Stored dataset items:
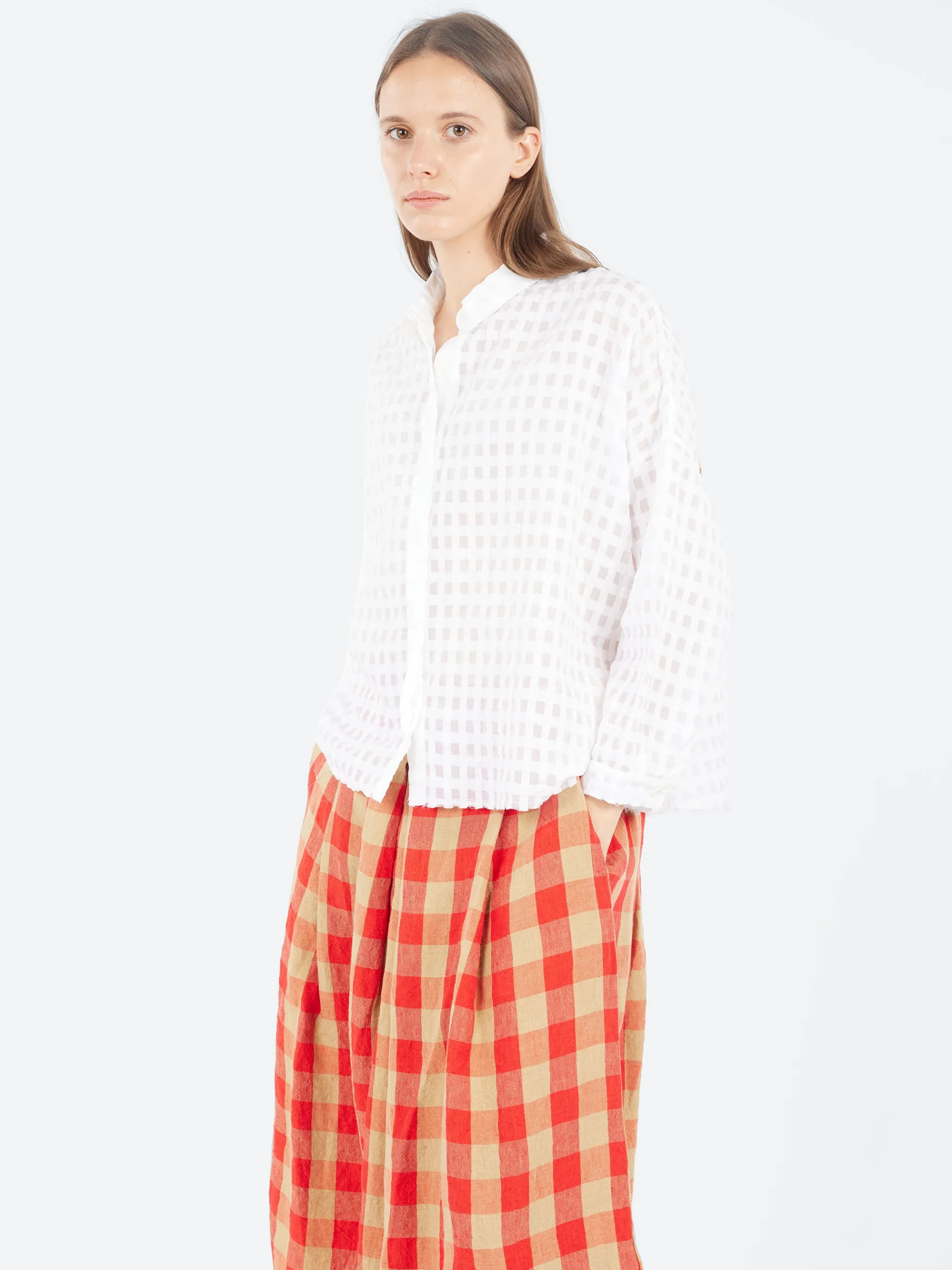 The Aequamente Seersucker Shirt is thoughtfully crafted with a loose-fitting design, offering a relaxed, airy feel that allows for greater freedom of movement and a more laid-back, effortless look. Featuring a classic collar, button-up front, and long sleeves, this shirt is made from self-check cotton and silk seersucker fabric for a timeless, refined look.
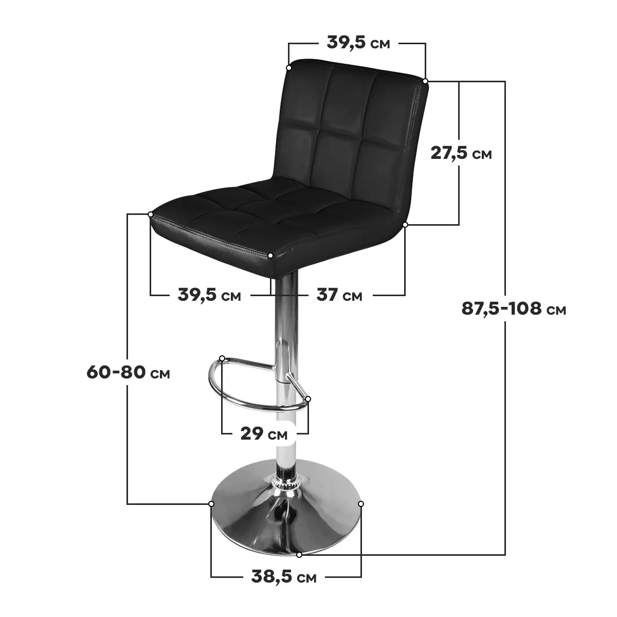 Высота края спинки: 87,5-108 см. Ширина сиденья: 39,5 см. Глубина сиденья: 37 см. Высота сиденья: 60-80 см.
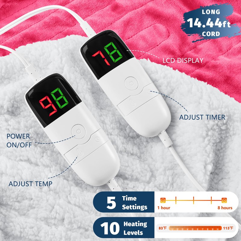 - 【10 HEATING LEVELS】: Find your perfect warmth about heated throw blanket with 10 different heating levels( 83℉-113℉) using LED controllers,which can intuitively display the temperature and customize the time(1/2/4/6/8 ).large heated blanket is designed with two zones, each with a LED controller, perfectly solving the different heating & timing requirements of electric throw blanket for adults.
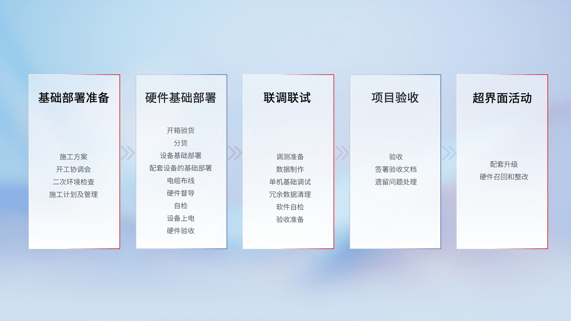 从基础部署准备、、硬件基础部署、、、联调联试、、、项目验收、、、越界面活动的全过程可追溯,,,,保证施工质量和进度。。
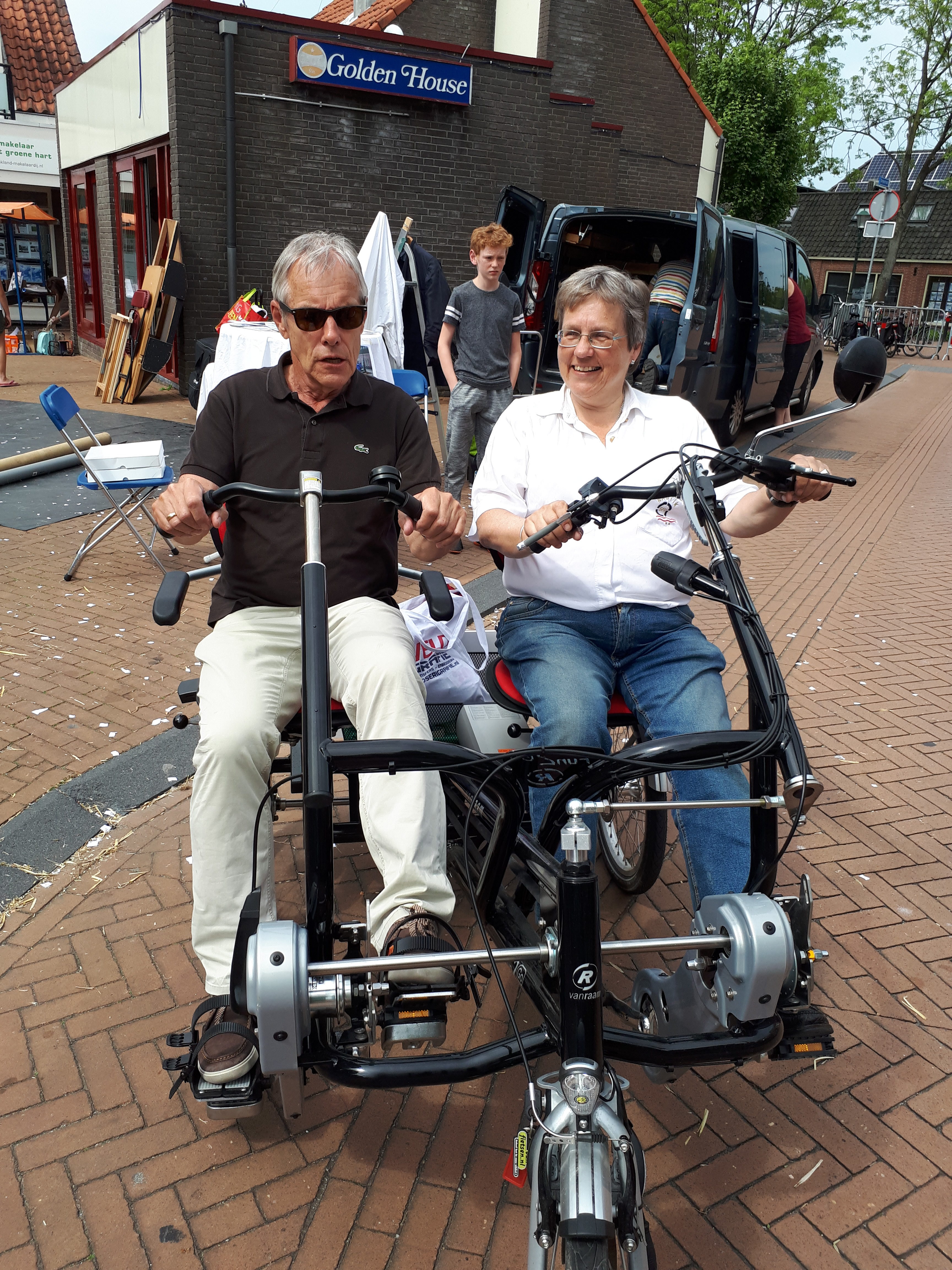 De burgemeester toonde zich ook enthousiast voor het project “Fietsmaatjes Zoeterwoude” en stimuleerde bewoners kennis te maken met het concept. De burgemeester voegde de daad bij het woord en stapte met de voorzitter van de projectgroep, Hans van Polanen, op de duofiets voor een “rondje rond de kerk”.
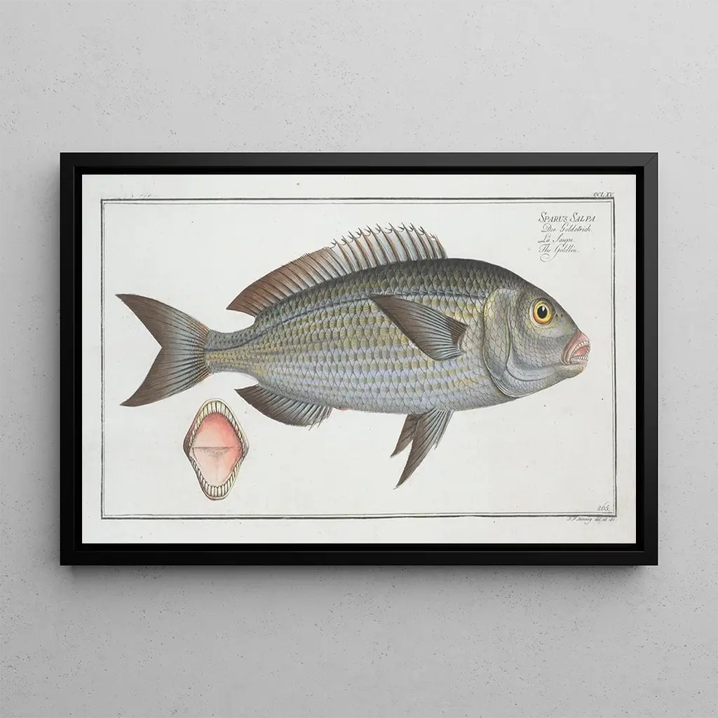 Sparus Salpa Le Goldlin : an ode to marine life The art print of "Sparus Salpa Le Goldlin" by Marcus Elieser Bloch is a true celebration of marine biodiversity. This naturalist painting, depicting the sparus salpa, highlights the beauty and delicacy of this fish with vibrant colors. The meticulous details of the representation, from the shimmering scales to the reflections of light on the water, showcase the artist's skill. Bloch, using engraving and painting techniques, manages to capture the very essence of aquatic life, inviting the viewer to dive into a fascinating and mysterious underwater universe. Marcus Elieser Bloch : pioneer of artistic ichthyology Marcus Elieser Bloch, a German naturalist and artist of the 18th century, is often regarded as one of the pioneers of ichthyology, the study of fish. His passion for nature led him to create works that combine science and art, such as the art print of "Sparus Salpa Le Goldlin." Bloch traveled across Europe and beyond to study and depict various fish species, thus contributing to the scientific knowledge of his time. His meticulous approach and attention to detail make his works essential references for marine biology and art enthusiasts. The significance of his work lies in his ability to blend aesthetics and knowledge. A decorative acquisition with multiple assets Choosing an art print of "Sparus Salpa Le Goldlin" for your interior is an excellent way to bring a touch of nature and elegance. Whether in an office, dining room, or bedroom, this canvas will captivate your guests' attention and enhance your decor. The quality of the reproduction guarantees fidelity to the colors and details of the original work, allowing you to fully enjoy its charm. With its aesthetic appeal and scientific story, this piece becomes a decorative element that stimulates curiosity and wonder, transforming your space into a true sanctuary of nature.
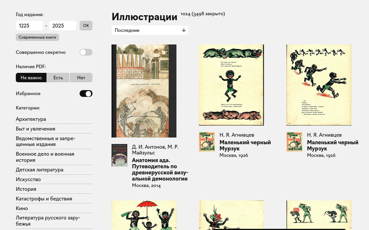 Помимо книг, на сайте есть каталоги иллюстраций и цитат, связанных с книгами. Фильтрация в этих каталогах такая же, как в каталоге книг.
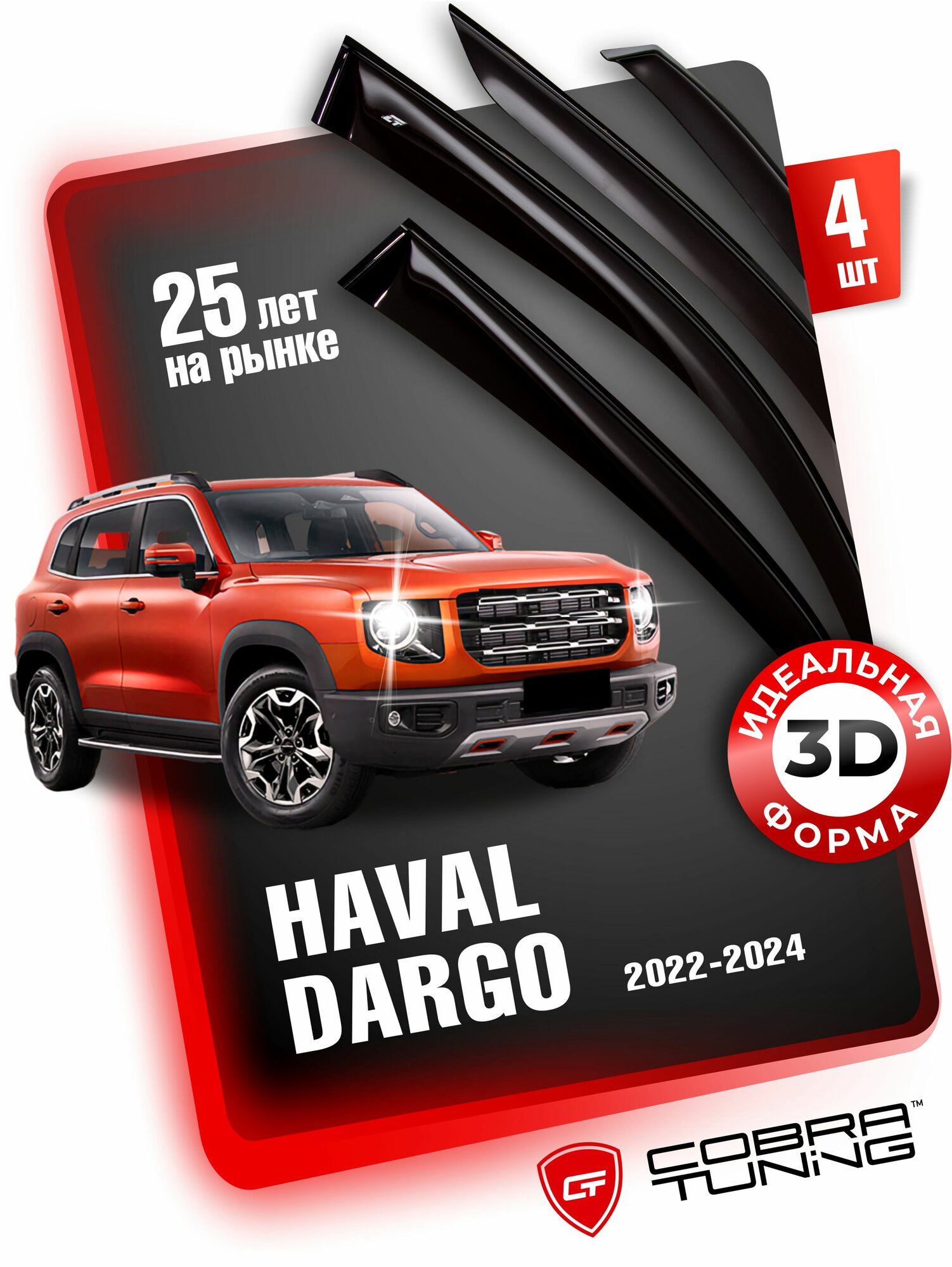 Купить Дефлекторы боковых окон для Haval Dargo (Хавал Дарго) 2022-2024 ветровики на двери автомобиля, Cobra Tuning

**Description of the task**
Only the lines from the one containing "Помимо книг, на" through the last line of the data may appear in the answer, each given again exactly and with pictures left out.

**Output**
 Помимо книг, на сайте есть каталоги иллюстраций и цитат, связанных с книгами. Фильтрация в этих каталогах такая же, как в каталоге книг.
 Купить Дефлекторы боковых окон для Haval Dargo (Хавал Дарго) 2022-2024 ветровики на двери автомобиля, Cobra Tuning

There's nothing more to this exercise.